I do not want to discuss the details of each projects because in the next few month we will edit a book and all the works will become public. The interesting thing is to register some of the discussions that happened during the studio and that echoed during the final review.

first the difficulty to approach the favela problem using our traditional design tools. To understand the technicalities of cheap construction in Brazil was fascinating for the 12 students who came from 3 different continents, but most challenging was to perceive the limitation of our modeling 3D software in capturing the spatiality of the favelas. The level of precision of our drawing instruments cannot not deal with “errors” on the magnitude of 2 inches, nor can the most elaborated geometry get close to the wealth of textures and small digressions that occur in a favela.

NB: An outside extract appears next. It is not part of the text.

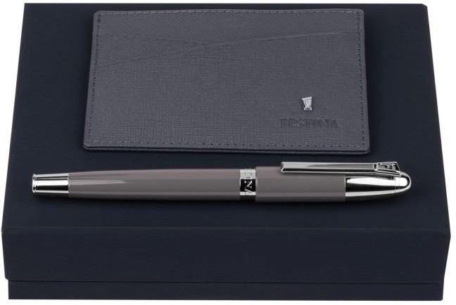 Zestaw upominkowy: skórzane etui z 5 miejscami na karty z kolekcji Chronobike i pióro wieczne z niebieskim wkładem z kolekcji Classicals.
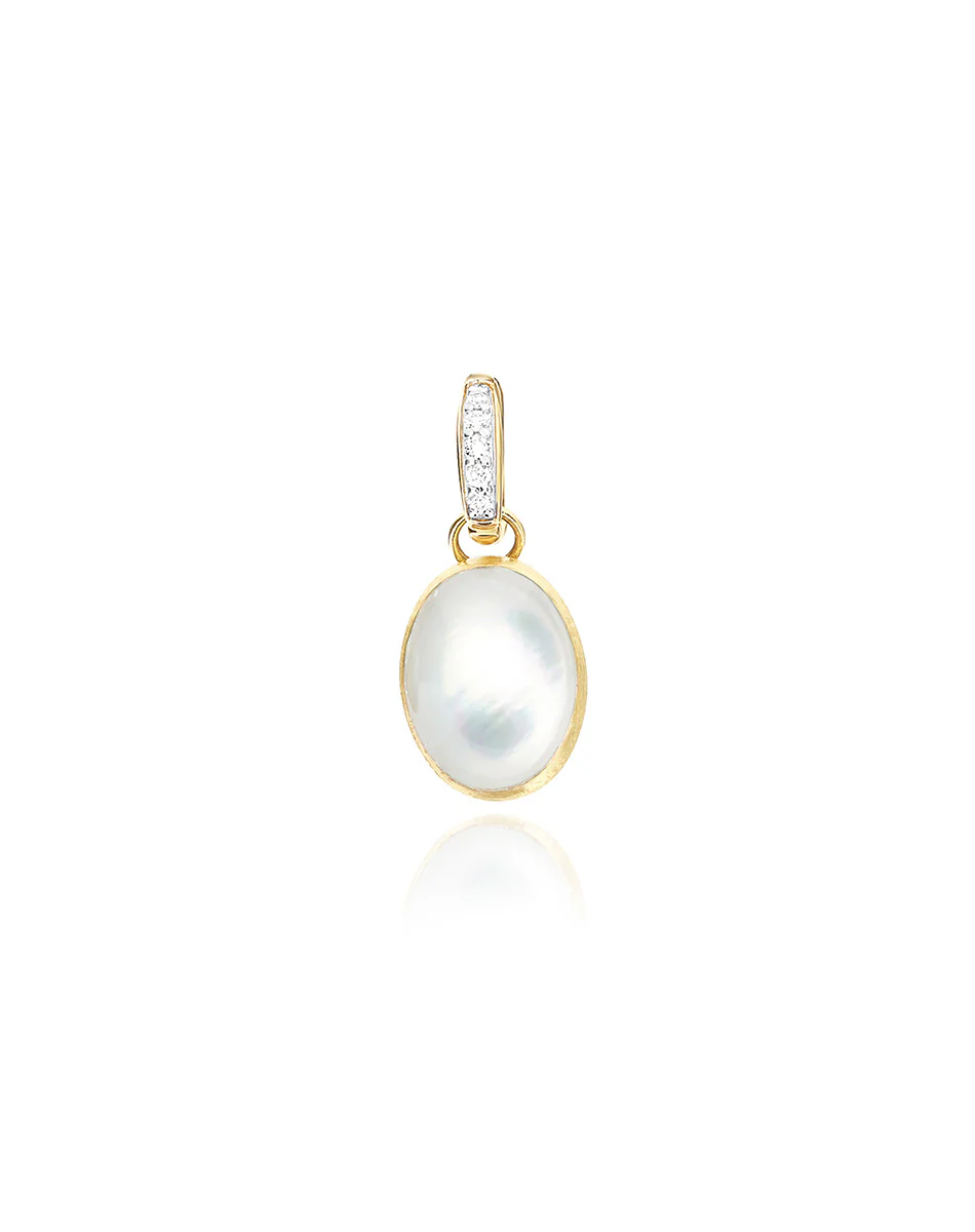 A summer night, the scent of warm air, the sky reflecting the moonlight. In the Dolcevita shade, mother-of-pearl meets the Boule — Nanis’ iconic shape — shimmering with iridescent reflections. An 18kt hand-engraved gold charm with a silky, embracing texture where rock crystal and mother-of-pearl intertwine in a composition celebrating light, material, and timeless beauty. A precious structure holds the perfect form and graceful curves of the Boule intact, preserving its fluid movement. Completing the charm is a diamond pavé clasp, a detail that enhances its versatility and allows for unique mixes, perfectly matching style and personality.

also discussed was the question of accessibility. The scholarly literature has already demonstrated that the best favela interventions are those that improve accessibility, allowing the State to be present and supporting increasing levels of integration between the favelas and the formal city. For that to happen it is often necessary to take a critical approach towards norms and parameters that make such integration difficult. All street should be 12 meters wide and have less than 20% incline but if the most viable access to certain parts of the favela require a street only 7 meters wide and 30% slope so be it. A narrow and steep street is better than no street.

and finally it is worth noting that the critics often came back to the realization that the constructive technology of favelas is the same of the formal city, only cheapened to the point of becoming an aesthetic distinction between buildings “wrapped” in stone, ceramics or paint in the formal city and the naked bricks of the favelas. Such imagétic distinction is often dismissed as beautification by those more concerned with social matters but deserves to be brought up for discussion because in an unconscious (albeit efficient) way it widens the gap between two sides in one city, one urban condition, one society that historically has had an enormous difficulty of perceiving itself as one.